[PROMPT] With pictures left out, write out exactly every line from the start of the data through the one that contains "- kwiat w kolorze".

===============

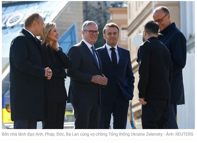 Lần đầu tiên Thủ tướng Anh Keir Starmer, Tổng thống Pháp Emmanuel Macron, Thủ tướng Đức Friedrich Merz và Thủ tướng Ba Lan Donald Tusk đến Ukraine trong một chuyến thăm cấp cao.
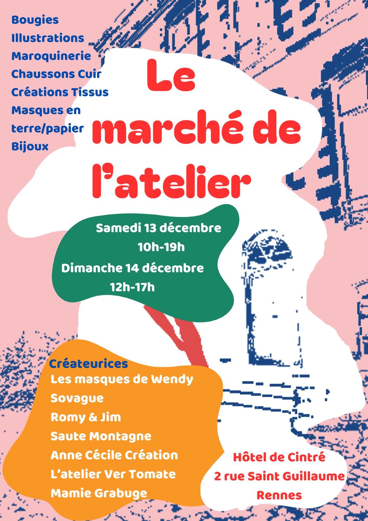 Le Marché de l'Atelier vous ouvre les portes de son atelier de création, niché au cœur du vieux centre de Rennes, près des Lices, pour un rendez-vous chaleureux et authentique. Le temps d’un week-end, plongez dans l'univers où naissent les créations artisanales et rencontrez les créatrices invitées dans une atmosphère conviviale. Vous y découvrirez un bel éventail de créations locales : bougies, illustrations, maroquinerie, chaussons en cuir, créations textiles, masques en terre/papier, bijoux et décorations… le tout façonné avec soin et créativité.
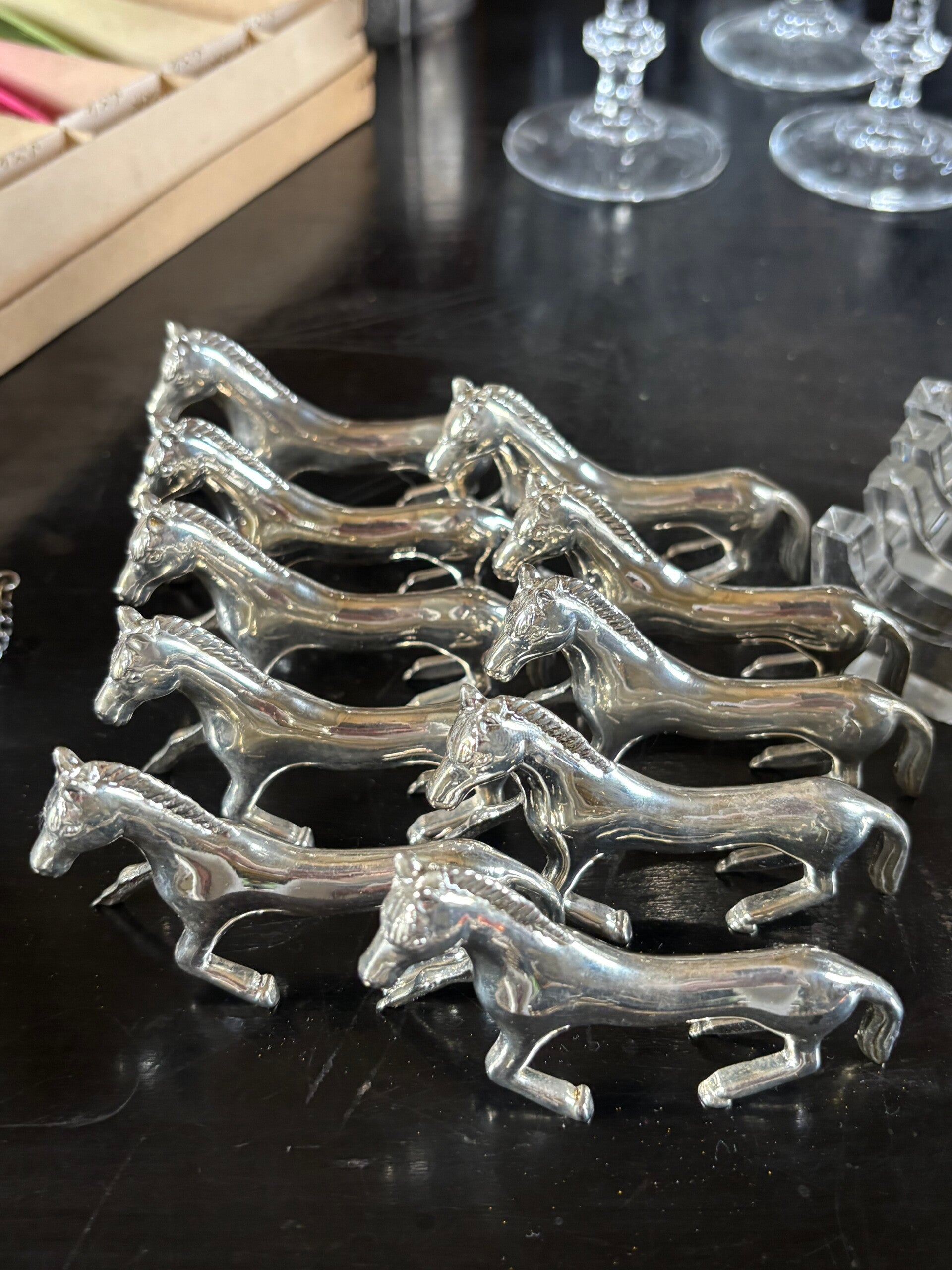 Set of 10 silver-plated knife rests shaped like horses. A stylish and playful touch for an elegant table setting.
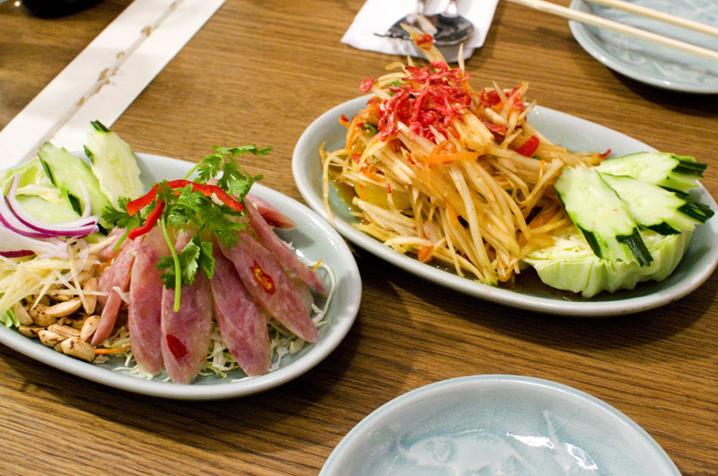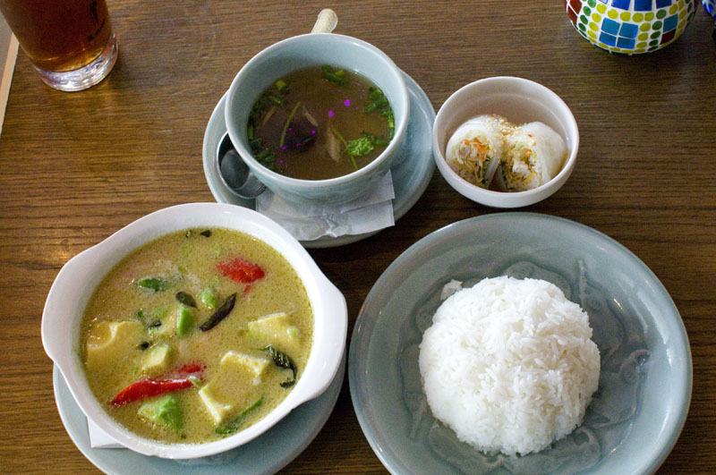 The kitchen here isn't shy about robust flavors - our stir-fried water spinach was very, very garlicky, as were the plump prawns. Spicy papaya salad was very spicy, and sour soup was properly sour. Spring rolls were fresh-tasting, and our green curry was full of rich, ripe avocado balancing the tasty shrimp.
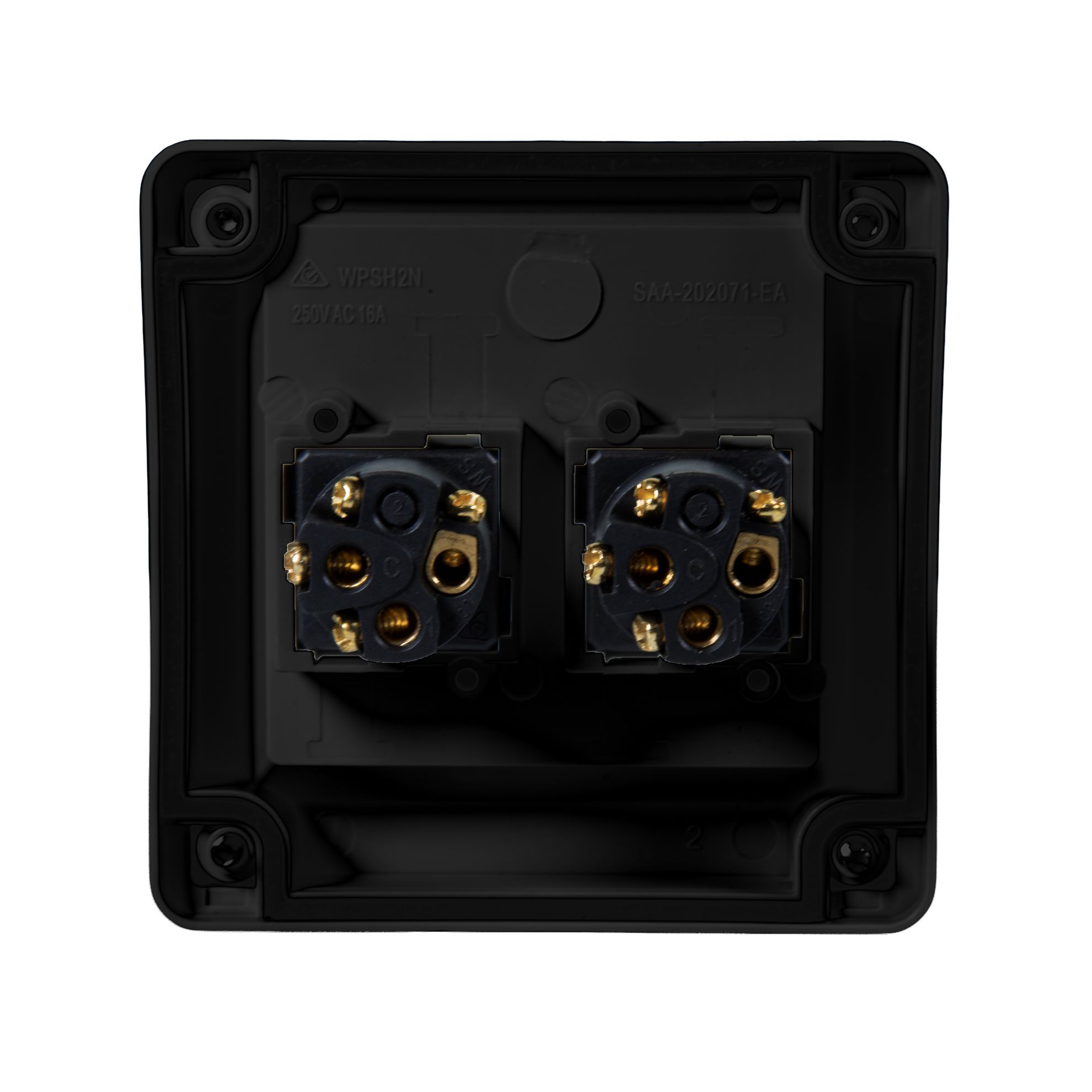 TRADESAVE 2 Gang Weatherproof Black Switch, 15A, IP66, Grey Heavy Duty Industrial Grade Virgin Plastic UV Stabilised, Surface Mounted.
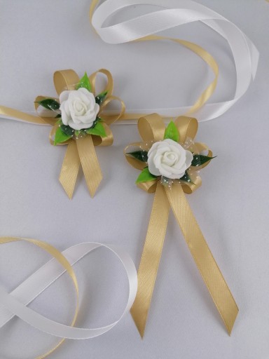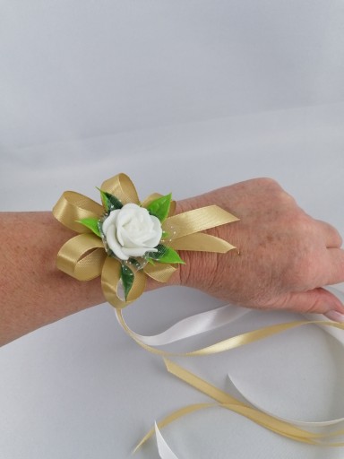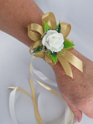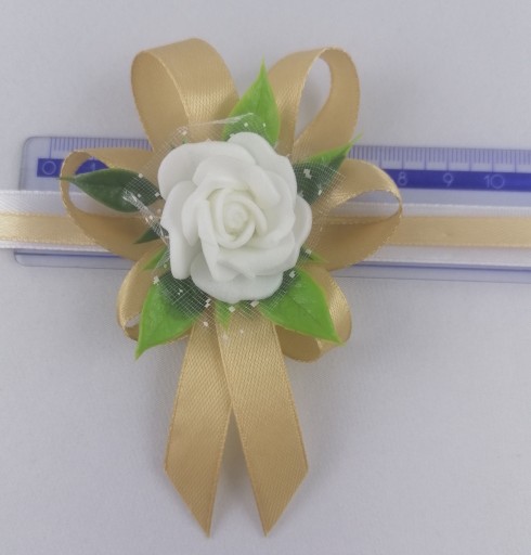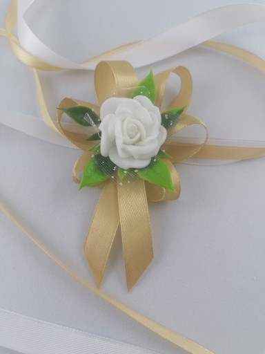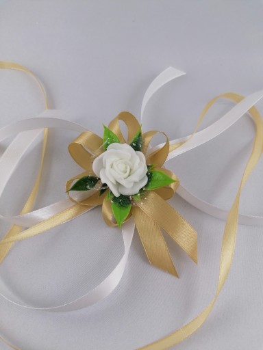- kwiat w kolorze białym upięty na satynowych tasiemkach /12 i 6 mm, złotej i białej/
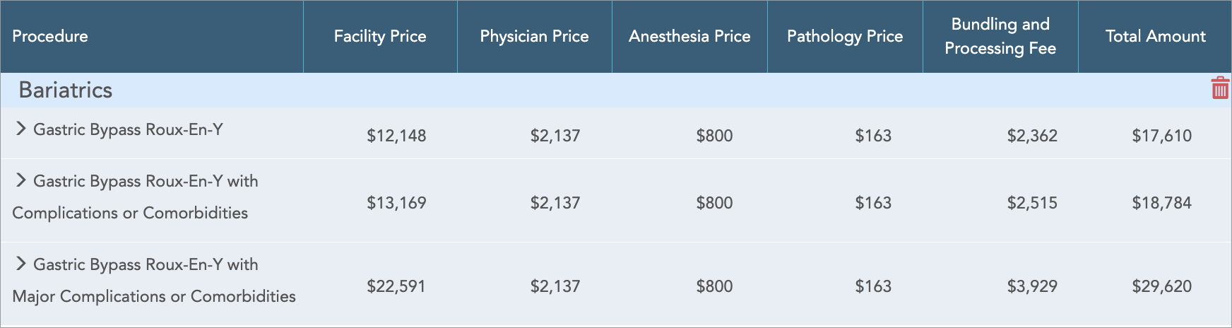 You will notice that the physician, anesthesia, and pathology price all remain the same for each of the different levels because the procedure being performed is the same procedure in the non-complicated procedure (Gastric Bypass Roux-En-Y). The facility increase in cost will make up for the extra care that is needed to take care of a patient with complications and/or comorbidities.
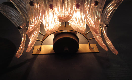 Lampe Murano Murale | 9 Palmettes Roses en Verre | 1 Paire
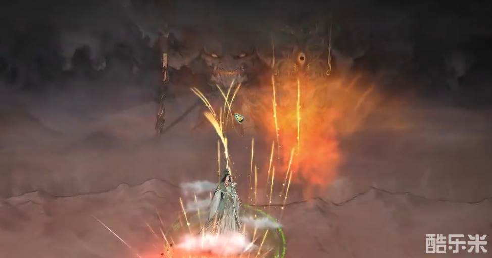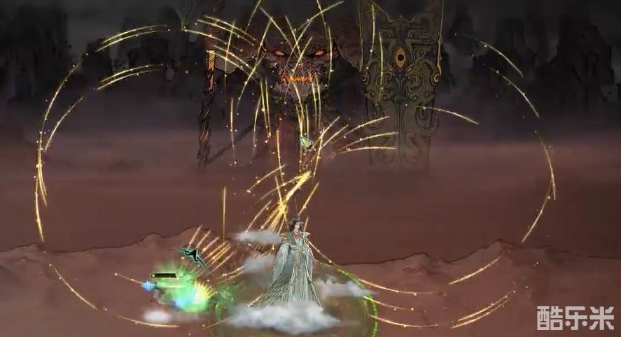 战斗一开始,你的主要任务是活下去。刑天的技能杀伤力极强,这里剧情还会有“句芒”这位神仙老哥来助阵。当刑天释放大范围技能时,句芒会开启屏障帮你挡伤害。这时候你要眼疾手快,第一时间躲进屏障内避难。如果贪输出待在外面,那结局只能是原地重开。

===============

[WRITTEN REPLY]
 Lần đầu tiên Thủ tướng Anh Keir Starmer, Tổng thống Pháp Emmanuel Macron, Thủ tướng Đức Friedrich Merz và Thủ tướng Ba Lan Donald Tusk đến Ukraine trong một chuyến thăm cấp cao.
 Le Marché de l'Atelier vous ouvre les portes de son atelier de création, niché au cœur du vieux centre de Rennes, près des Lices, pour un rendez-vous chaleureux et authentique. Le temps d’un week-end, plongez dans l'univers où naissent les créations artisanales et rencontrez les créatrices invitées dans une atmosphère conviviale. Vous y découvrirez un bel éventail de créations locales : bougies, illustrations, maroquinerie, chaussons en cuir, créations textiles, masques en terre/papier, bijoux et décorations… le tout façonné avec soin et créativité.
 Set of 10 silver-plated knife rests shaped like horses. A stylish and playful touch for an elegant table setting.
 The kitchen here isn't shy about robust flavors - our stir-fried water spinach was very, very garlicky, as were the plump prawns. Spicy papaya salad was very spicy, and sour soup was properly sour. Spring rolls were fresh-tasting, and our green curry was full of rich, ripe avocado balancing the tasty shrimp.
 TRADESAVE 2 Gang Weatherproof Black Switch, 15A, IP66, Grey Heavy Duty Industrial Grade Virgin Plastic UV Stabilised, Surface Mounted.
- kwiat w kolorze białym upięty na satynowych tasiemkach /12 i 6 mm, złotej i białej/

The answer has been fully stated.